The prohibition against advisory opinions is fundamental to our understanding of federal judicial power, but we have misunderstood its origins. Discussions of the doctrine begin not with a constitutional text or even a court case, but a letter in which the Jay Court rejected President Washington’s request for legal advice. Courts and scholars have offered a variety of explanations for the Jay Court’s behavior. But they all depict the earliest Justices as responding to uniquely American concerns about advisory opinions.

This Article offers a different explanation. Drawing on previously untapped archival sources, it shows that judges throughout the anglophone world—not only in the United States but also in England and British India— became opposed to advisory opinions in the second half of the eighteenth century. The death of advisory opinions was a global phenomenon, rooted in a period of anxiety about common-law authority.

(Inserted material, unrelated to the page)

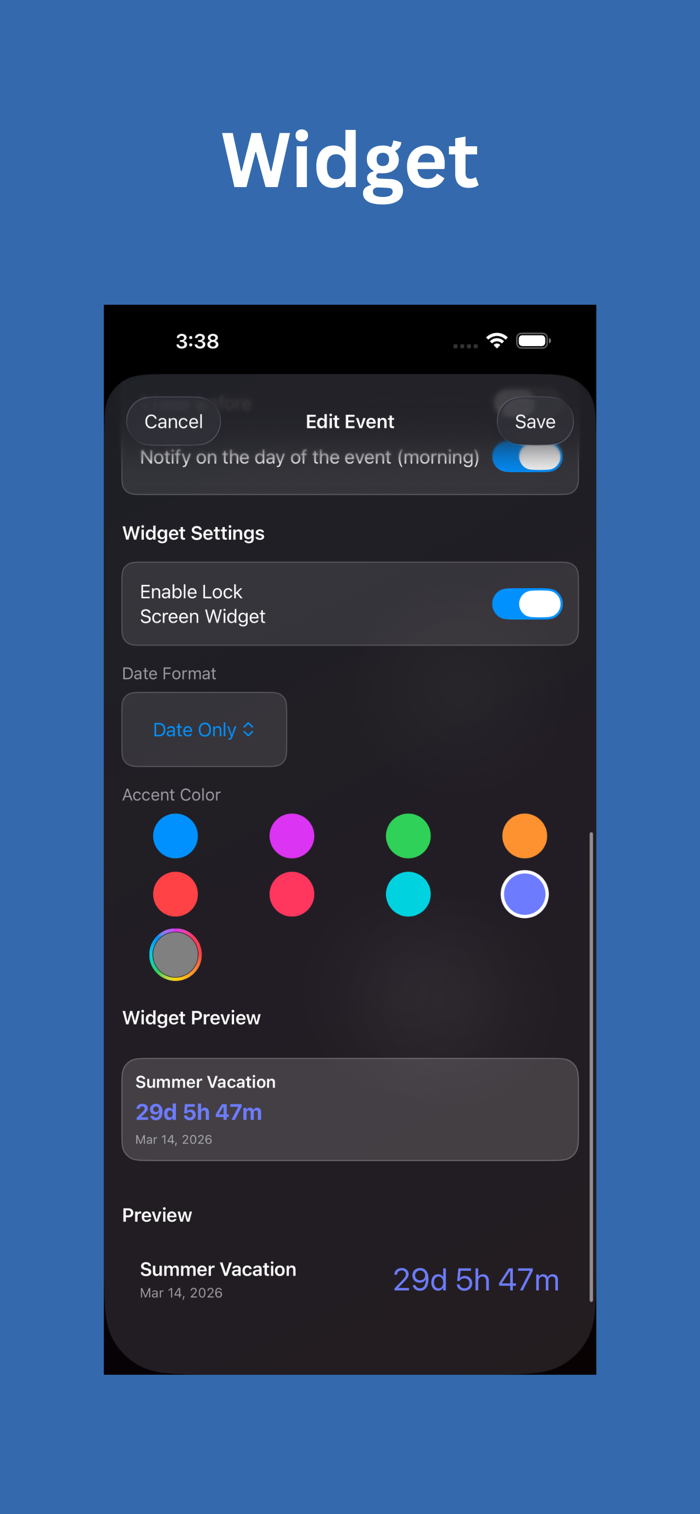 Countdown Widget能让重要时刻难忘。它有精美设计的主屏幕小部件,可自定义,有多种倒计时样式和布局,能追踪无限事件,精确到年、月、日、时、分,界面简洁优雅,无论婚礼、假期、毕业、生日等任何里程碑时刻,都能将日期醒目展示在主屏幕,让重要日子前的每一刻都特别。

Early modern English judges had routinely advised the Crown. This advisory role was politically fraught but doctrinally unproblematic thanks to a jurisprudential orthodoxy that treated judges’ opinions as evidence of a preexisting common law. Although this declaratory theory survived into the nineteenth century (and beyond), it began to fragment after 1750, as lawyers began to disagree about the nature of precedent. Those disagreements generated new pressure to clarify the weight of different kinds of legal authority. Most lawyers intuited that advisory opinions were less authoritative than decisions arising from litigation. But because bench and bar lacked a common theory of legal authority, they were unable to articulate a shared understanding of what respect was due to judges’ extrajudicial pronouncements. As a result, advisory opinions became dangerous, because the judges who issued them could not control how future readers might treat them. In response, judges sought to limit their advisory activity—first in England, then in British-controlled Bengal, and finally in the United States, whose judges inherited Britain’s contested and dynamic understanding of the judicial role.